How to fill in missing dates
Solution 1:
Here is a query that would work. Start by cross joining all combinations of dates and users (add filters as needed), then left join the users table and calculate quota using the last_value() function (note that if you are using Snowflake, you must specify "rows between unbounded preceding and current row" as documented here):
with all_dates_users as (
--all combinations of dates and users
select date, user
from dates
cross join (select distinct user_email as user from users)
),
joined as (
--left join users table to the previous
select DU.date, DU.user, U.sent_at, U.user_email, U.score, U.quota
from all_dates_users DU
left join users U on U.sent_at = DU.date and U.user_email = DU.user
)
--calculate quota as previous quota using last_value() function
select date, user, nvl(score, 0) as score, last_value(quota) ignore nulls over (partition by user order by date desc rows between unbounded preceding and current row) as quota
from joined
order by date desc;
Solution 2:
Maja's solution using the WINDOW FUCNTION LAST_VALUE works well, Snowflake has another way to express that which is a little shorter LAG IGNORE NULL OVER form.
WITH dates AS (
SELECT DATEADD(day, ROW_NUMBER() OVER(ORDER BY TRUE),'2022-01-01')::date AS date
FROM TABLE(generator(ROWCOUNT => 50))
), new_data AS (
SELECT * FROM VALUES
('2022-01-19','[email protected]',85,100),
('2022-01-18','[email protected]',50,200),
('2022-01-15','[email protected]',34,400)

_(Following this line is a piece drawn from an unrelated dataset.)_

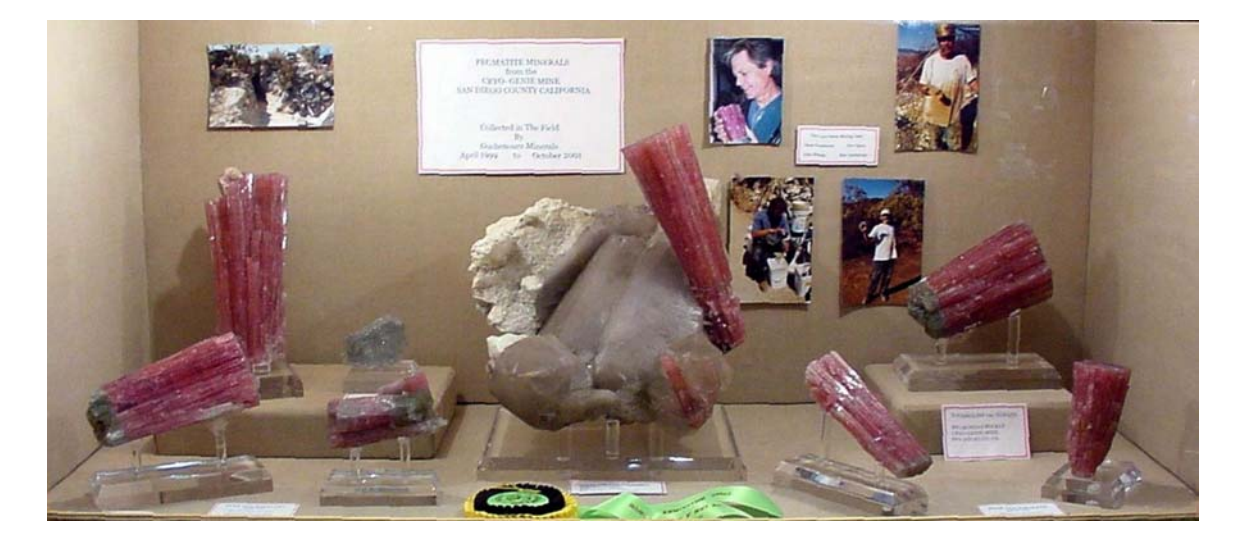
Figure 1 . Tourmaline crystals obtained from mining at the Cryo Genie pegmatite in 2001, on display at the 2002 Tucson Gem & Mineral Show.

v(date, user_email, score , quota )
), users_ranges AS (
SELECT
user_email,
min(date) as min_date,
max(date) as max_date
FROM new_data
GROUP BY 1
), dates_for_users AS (
SELECT d.date,
u.user_email
FROM users_ranges AS u
JOIN dates AS d
ON d.date between u.min_date and u.max_date
)
SELECT du.date,
du.user_email,
ZEROIFNULL(u.score) as score,
NVL(u.quota, LAG(u.quota) IGNORE NULLS OVER(partition by du.user_email order by du.date)) as quota
FROM dates_for_users AS du
LEFT JOIN new_data AS u
ON du.date = u.date AND du.user_email = u.user_email
ORDER BY 1 desc,2;
Which gives:
DATE | USER_EMAIL | SCORE | QUOTA |
---|---|---|---|
2022-01-19 | [email protected] | 85 | 100 |
2022-01-18 | [email protected] | 50 | 200 |
2022-01-17 | [email protected] | 0 | 400 |
2022-01-16 | [email protected] | 0 | 400 |
2022-01-15 | [email protected] | 34 | 400 |
As your problem is described, there is a tiny logic gap of you onyl give two rows, but are expecting a large date range, but I assume that is not the heart of the problem, and you just really want the LAG / LAST_VALUE logic.
This works by dates
& new_data
are just the table proxies. Then users_ranges
is used to find the time ranges for each user, that will be used for the join dates the dates
table which happens in dates_for_users
. Now we have all the date gaps filled for each user, we can left join to the new data, to get score and zero if null, and use LAG to get the prior QUOTA ignoring nulls, which a little NVL to only use the LAG value if the current row does not have a value (COALESCE can also be used for this).